→ About this task: Please restate word for word the lines from the top of the entries through the line that contains "وأوضحت الوزارة، أن", and do not include any pictures.

→ Provided entries:

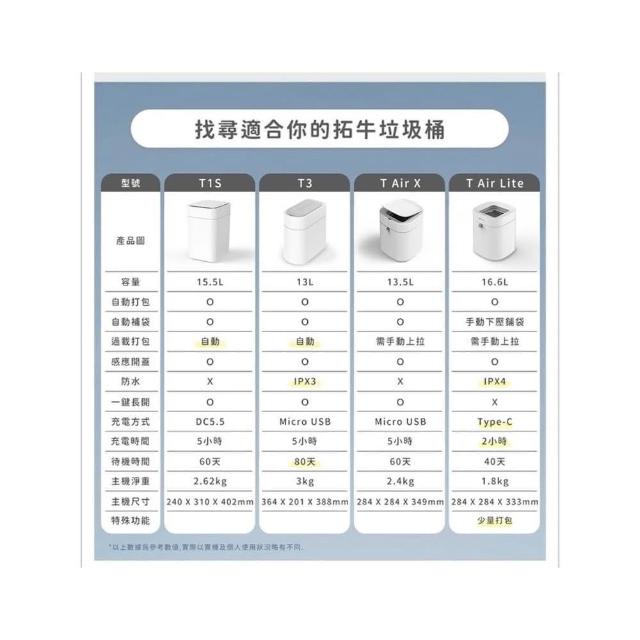 拓牛Townew白/黑 智能自動打包換袋垃圾桶 升級T1S 家用 15.5L大容量
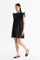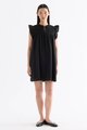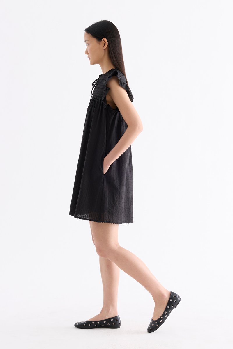 Spring ahead. Cut from airy and softly structured seersucker cotton, this dress features flutter cap sleeves, a round frill-trimmed neckline, front keyhole opening with a tie-strap, as well as pleat and lace details. Fits slim and above the knee.
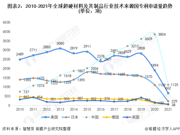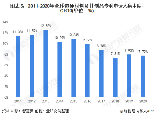 原标题:收藏!2022年全球超硬材料及其制品行业技术竞争格局(附区域申请分布、申请人排名、专利申请集中度等) 来源:前瞻产业研究院
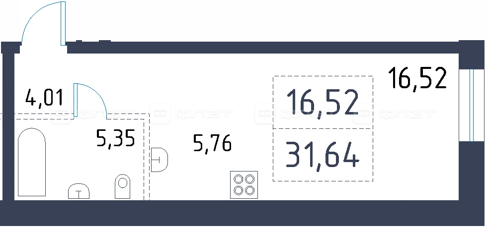 - 31.64/16.52/5.76 м²
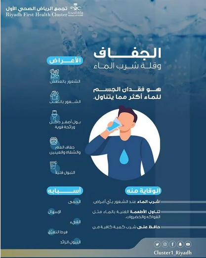 وأوضحت الوزارة، أن الجفاف عبارة عن فقدان الجسم للماء أكثر مما يتناول، وتشمل أعراضه الشعور بالعطش والشعور بالتعب والبول الأصفر الداكن، إلى جانب جفاف الفم والشفتين والعينين، والتبول قليلاً.
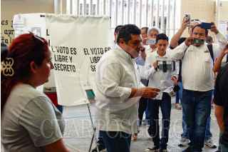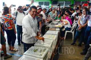 COMALCALCO, TABASCO, 02JUNIO2024.- Javier May, candidato de Javier May, candidato a la gubernatura de Tabasco por la coalición Sigamos Haciendo Historia, durante la emisión de su voto en el Municipio de Comalcalco. FOTOS: ROGELIO MORALES /CUARTOSCURO.COM
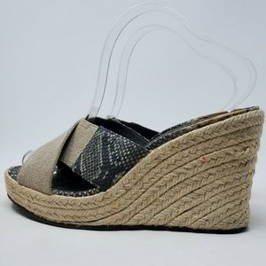 Stylish wedges with a textured design. Features a comfortable tan strap. Black and tan snake pattern accents. Perfect for casual outings.
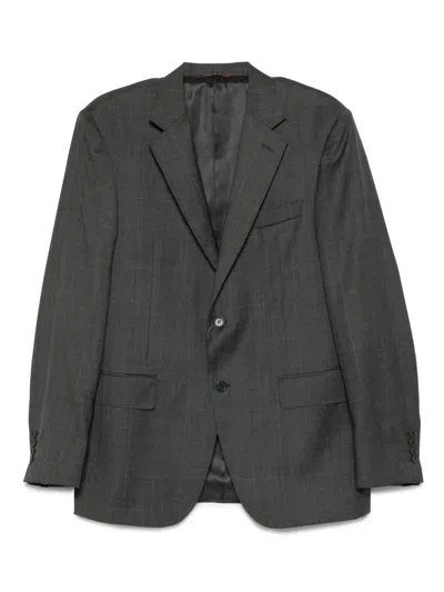 grey checked pattern flat front side flap pockets button fastening straight leg

→ Response box:
 拓牛Townew白/黑 智能自動打包換袋垃圾桶 升級T1S 家用 15.5L大容量
 Spring ahead. Cut from airy and softly structured seersucker cotton, this dress features flutter cap sleeves, a round frill-trimmed neckline, front keyhole opening with a tie-strap, as well as pleat and lace details. Fits slim and above the knee.
 原标题:收藏!2022年全球超硬材料及其制品行业技术竞争格局(附区域申请分布、申请人排名、专利申请集中度等) 来源:前瞻产业研究院
 - 31.64/16.52/5.76 м²
 وأوضحت الوزارة، أن الجفاف عبارة عن فقدان الجسم للماء أكثر مما يتناول، وتشمل أعراضه الشعور بالعطش والشعور بالتعب والبول الأصفر الداكن، إلى جانب جفاف الفم والشفتين والعينين، والتبول قليلاً.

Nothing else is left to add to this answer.